How does a Church become secularized? It is, if you will, a mindset, a way of seeing the mission and nature of the Church. Metropolitan Hierotheos gives illustrations of a secularized Church: When the Church deals with ideas rather than life; when the Church involves herself in social and philosophical systems; when the Church is occupied with human thought and abstract ideals, rather than curing the faithful. The Church becomes secularized when it is degraded to a social organization. If people of the Church dismiss the prophetic and sanctifying role of the Church and see the Church as a mere decorative element, then the Church has become secular. Thus, if the Church does not heal and cure the souls of her people it is secular. If we, her followers do not use the cures and healings of the Church to heal and save our souls, we are succumbing to secularism. The fault rests not with the Church but with us; we simply have to utilize the healing mysteries (sacraments) of Confession and Communion.
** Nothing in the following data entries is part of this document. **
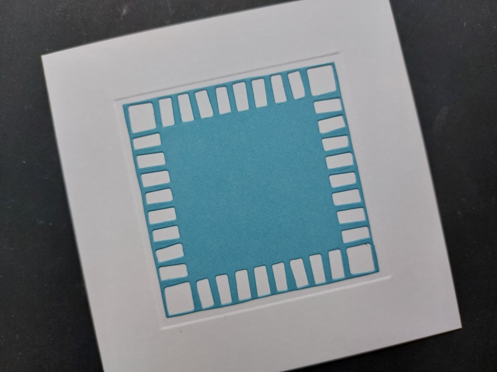 I took a 5×5 card blank and used a small square embedder to emboss a frame on the front before attaching a piece of Waimea Falls companion paper that I’d cut with the middle one of the ‘block print’ dies.
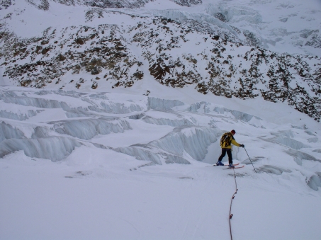 v listopadu je Taschachferner ještě dosti rozervaný, dívku si raději přivažte na špagát, aby vám neutekla…/50 metrů hluboko/
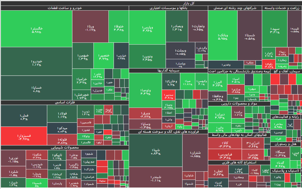 در بازار امروز، بیشترین افزایش قیمت متعلق به نماد شفارس(صنایع شیمیایی فارس) با ۵.۹۸ درصد رشد و پس از آن، نمادهای البرز، دکیمی، وبانک و والبر بود. همچنین نماد معاملاتی سغرب(سیمانغرب ) با ۵.۲۹ درصد، بیشترین کاهش قیمت را داشت و پس از آن نیز، نمادهای نمرینو، سنیر، غدشت و شوینده قرار گرفتند.
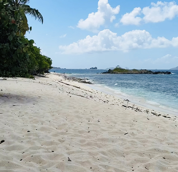 Denis Bay Beach on St. John in the U.S. Virgin Islands is a secluded beach known for its white sand and unobstructed view of the British Virgin Islands. The beach is known for its tranquil atmosphere and is a great place for a quiet beach getaway and you just may be the only ones there!  Located between Hawksnest and Jumbie Beach, it’s often less crowded than its more popular neighbors. The water can be rough in a north swell, but it’s a great spot for those seeking peace and privacy. While the land above the high-water mark is privately owned, the beach itself is public and can be accessed from the water. Snorkeling along the rocky outcroppings is a popular activity, and some diving is also possible.
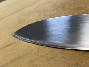特に、切っ先に近いアールのついた部分は研ぎムラを防げない。
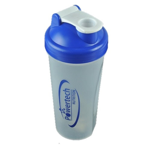 שייקר ספיידר בצבע שקוף-אפור עם מכסה כחול, כולל פיית מזיגה ומעוצב לאבקות חלבון. מותג: Powertech Nutrition.
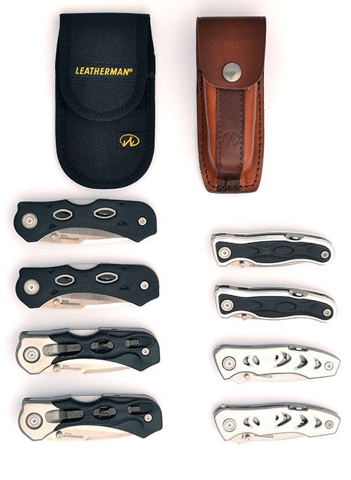 A COLLECTION OF EIGHT LEATHERMAN FOLDING KNIVES, including a Leatherman K500X Folding Knife with Black Nylon Sheath, a Leatherman K501X Folding Knife with Black Nylon Sheath, a Leatherman c302 Locking Liner Knife Plain Edge, a Leatherman c303 Locking Liner Knife Serrated Blade, a Leatherman E304X Straight Blade Folding Knife, a Leatherman E305X Serrated Blade Folding Knife , a Leatherman K502X Lockback Knife with Leather Sheath, a Leatherman K503X Lockback Knife with Leather Sheath, all complete with makers cartons
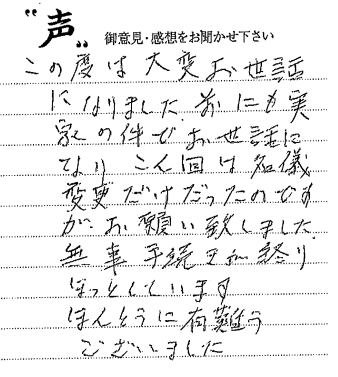 この度は大変お世話になりました。前にも実家の件でお世話になり、こん回は名義変... -

As Greek Orthodox Christians living in America, we are under a great deal of stress. I do not mean the stress of life and the economy, though this is real. I am referring to the stress of what it means to be an Orthodox Christian. We must try to the best of our ability to live the life in Christ, to battle secularism, and heal our souls. We are not alone, there are many examples of people who have done this, simple Christians who have lived in the world and have not compromised their faith. Use their example.
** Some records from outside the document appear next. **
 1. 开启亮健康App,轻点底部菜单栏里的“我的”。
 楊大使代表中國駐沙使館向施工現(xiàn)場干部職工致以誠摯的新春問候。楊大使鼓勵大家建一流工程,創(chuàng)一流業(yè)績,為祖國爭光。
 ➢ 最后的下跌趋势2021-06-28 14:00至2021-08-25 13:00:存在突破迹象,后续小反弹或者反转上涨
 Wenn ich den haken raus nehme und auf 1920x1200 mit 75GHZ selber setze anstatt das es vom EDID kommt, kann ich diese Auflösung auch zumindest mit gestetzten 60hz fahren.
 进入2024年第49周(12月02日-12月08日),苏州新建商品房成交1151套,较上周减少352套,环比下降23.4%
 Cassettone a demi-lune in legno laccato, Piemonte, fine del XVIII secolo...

In the words of St Paul: Therefore we also, since we are surrounded by so great a cloud of witnesses, let us lay aside every weight, and the sin which so easily ensnares us, and let us run with endurance the race that is set before us…(Hebrews 12:1). If you look at the history of the Church you will see that God has raised up holy men and women to illumine and guide us. Just during the past 150 years alone we have thousands of such witnesses. The many martyrs under communism and saints like Nektarios and Methodia of Kimolos; and holy and illumined teachers such as Joseph the Hesycahst, Paisios, and Porphyrios. They, by no means accepted the way of the world as their standard of life; nor did they accommodate themselves to the world. They followed and lived the way of life of our Holy Orthodox Faith; they cured their nous, became holy and now have become as beacons guiding us to the one who gives us life, our Lord Christ came into the world so that we might have life and have it more abundantly (cf. John 10:10). As Orthodox Christians to live our lives more abundantly means that we are in communion, connected with Christ. It means that we know Him and experience Him. It means that we live our life as our Lord instructs us and as the Church guides us. My little children, let us not love in word or in tongue, but in deed and in truth (1 John 3:18). Put your faith into practice.
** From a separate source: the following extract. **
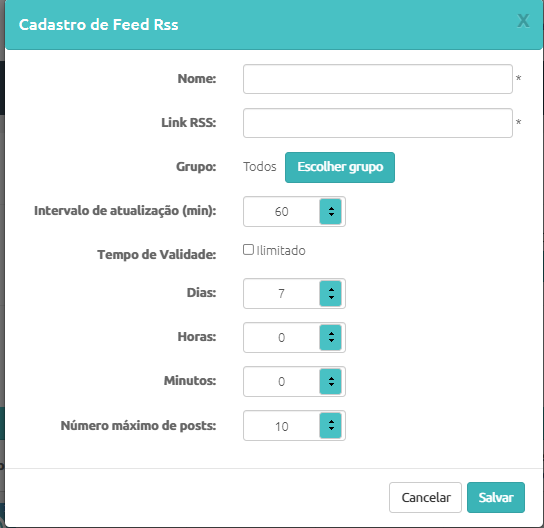 - Intervalo de atualização(min): Tempo em minutos que será verificado se o RSS possui alguma atualização.

Though we live in the world and are called upon by our Lord to serve His people living in the world we are not to be of the world. The Church impacts the world through holiness, not through social statements or political position papers. Again, in the words of the Bishop of Nafpaktos: The Church should enter the world to transform it rather than the world entering the Church to secularize it. It is through the witness of the people of faith of our Church, the holy men and women whom we call saints that the Church is able to continue the mission of Christ, to see His work manifest. These people have lived the opposite of secular lives; they have been healed and have become holy through God’s grace. As we emulate these people, as we embrace the way of truth; we become healed and cured. Our hearts are purified, illumined and we experience God, and thus we become holy. We are all called to do this. It is the secular mind that says this is only for the clergy or for monks or that these are the ways of the past. Holiness, our living in communion with Christ; living for Him and in Him, is our path to salvation.